Ronald MacLean-Abaroa, former mayor of La Paz and former Bolivia’s Minister of Finance.

I am very pleased to tell you that my new book was recently published by Palgrave macmillan in the UK and is now for sale through the link below.

Great Economists and the Evolution of Economic Liberalism

 How Philosophy Has Helped Shape Economics

Palgrave macmillan, London, 2025. 

NEW COLUMN

Monroe and Miller

Every Christmas, I give my son next year’s Marilyn Monroe calendar. She was a great actress, beautiful, radiating a sensuous attraction we find hard to resist; no wonder the yearly calendar is always much appreciated.

I vividly remember the moment when her death was reported on the radio, way back in  August 1962.  We were having dinner but the shocking news of her death abruptly ended my appetite.  Was there no one who could  have prevented the tragedy, I wondered?  No there wasn’t. She had been married before; the last time to playwright and Pulitzer Prize winner Arthur Miller. But this marriage  had also ended in divorce. Monroe and Miller had tried to make it work but fairly early in the marriage Miller realized that  their relationship was doomed.

How had they met? In his memoir Timebends, Miller described their first encounter. When we shook hands, he remembered, the shock of her body’s motion sped through me. A few days later, they danced during a party and all of a sudden he realized what a perfect woman should look like. This romantic idea may also have been inspired by the fact that Miller was contemplating to divorce his first wife. After he had overheard a woman saying ‘men would eat Marilyn alive’, he felt even more attracted but also oddly protective towards her. Marilyn also fell in love with Arthur; he was tall, goodlooking, famous, courteous and - like her former husbands  – much older than Marilyn.

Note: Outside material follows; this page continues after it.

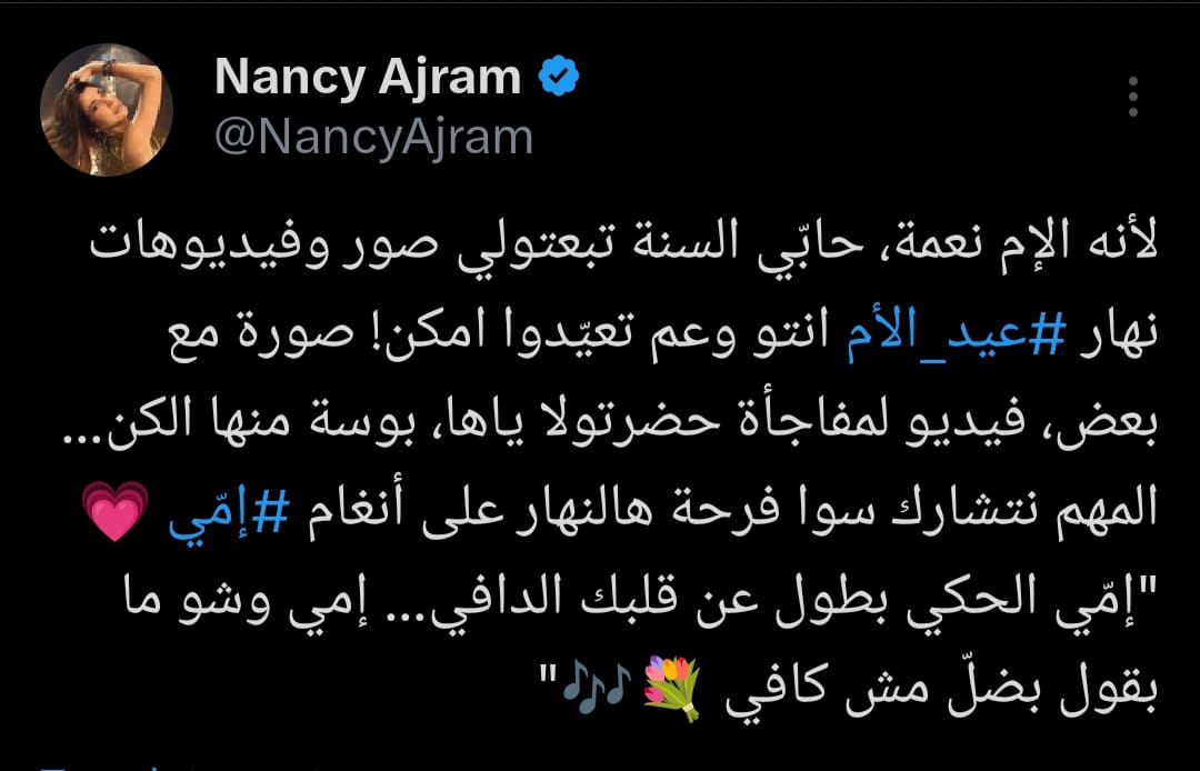 و كتبت نانسي عجرم على حسابها الخاص على موقع إكس “تويتر سابقا” قائلة : "لأنه الإم نعمة، حابّي السنة تبعتولي صور وفيديوهات نهار عيد الأم انتو وعم تعيّدوا امكن! صورة مع بعض، فيديو لمفاجأة حضرتولا ياها، بوسة منها الكن… المهم نتشارك سوا فرحة هالنهار على أنغام إمّي"، مضيفةً: "إمّي الحكي بطول عن قلبك الدافي… إمي وشو ما بقول بضلّ مش كافي".

Since her mother was on and off in mental hospitals, Marilyn’s youth was spent in orphanages and foster families not overflowing from affection. Initially, Miller had not realized that Marilyn was an insecure young actress in need of reassurance and love, which she hoped Miller could give.

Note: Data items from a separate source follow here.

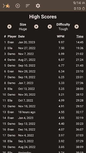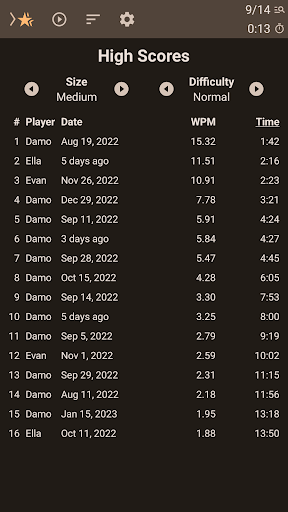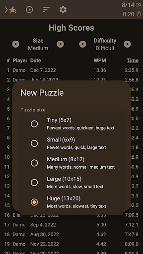 ★ 5 word search grid sizes and 5 game difficulty levels to suit all phones and tablets and all players.
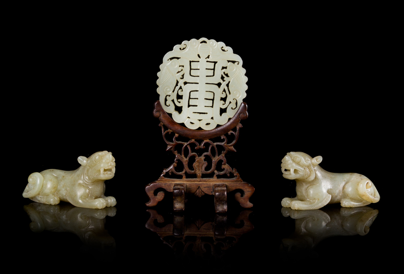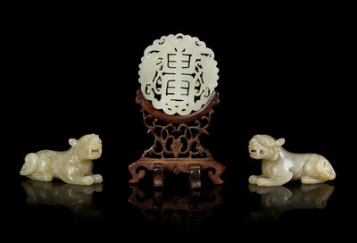 the first a pale celadon plaque openworked to show a hanging bat above a pair of fish and a shou chacter, raised on a fitted hardwood stand; the second a pair of celadon figures of recumbent beasts.
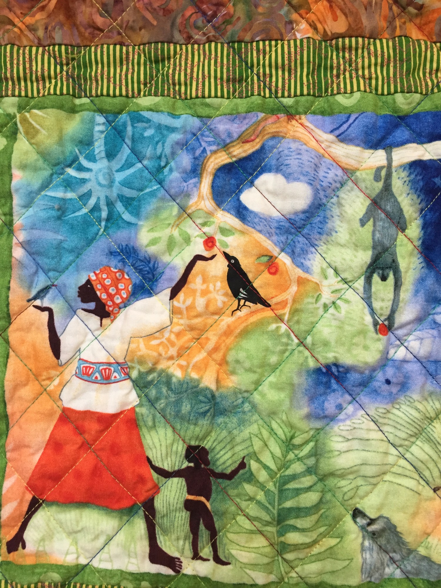 I often incorporate the word gratitude in my quilts, but now I have created a whole series focused on gratitude. The series is "Grateful For Another Happy Day", and there are 7 quilts in this series, one for each day of the week. Each of the quilts starts with a panel of a beautiful, joyful African woman by Julia Cairns.

From the start there was also a strong sexual attraction between them. But it took four years before they would meet again. In the meantime, Miller tried to rescue his marriage, staying  away from Marilyn. During that time Miller had written  a play in which the female character, Lorraine, was inspired on Marilyn. This is how he characterized Lorraine: With her open sexuality, childlike and sublimely free of ties and expectations in a life she half sensed it was doomed, she moves instinctively to break the hold of respectability on the men.  This was one side of Marilyn’s character. He was to learn her ‘ugly side’ (as she called it) when he accompanied her to England where Marilyn would act in The Prince and the Showgirl, co-starred and directed by Laurence Olivier.

When  Miller’s marriage was at last about to end, Marilyn flew to New York hoping to meet him. She yearned for a family, which she hoped Miller could give her. However, he did not yet  bite.  But in the end he did, and  the couple got married.

During the shooting  of The Prince and the Showgirl, Olivier became more and more frustrated about Marilyn’s behaviour: always late at the set; forgetting her lines, even very brief ones; ever demanding praise; her personal coach cum psychotherapist meddling in Olivier’s directorship. Although Miller sympathized with Olivier’s feelings, he defended his wife. Their trip to England was a disaster. Miller wrote in his diary that he was disappointed in her. He added that he then realized he had made the mistake of marrying Marilyn. As if in a Freudian set-up,  she found the notes, after which she told a friend that people only saw the glamour and fell in love with her. And she added: When they saw my ugly side they then run away, and this is what Arthur has done.  But Marilyn was jumping to a conclusion too soon.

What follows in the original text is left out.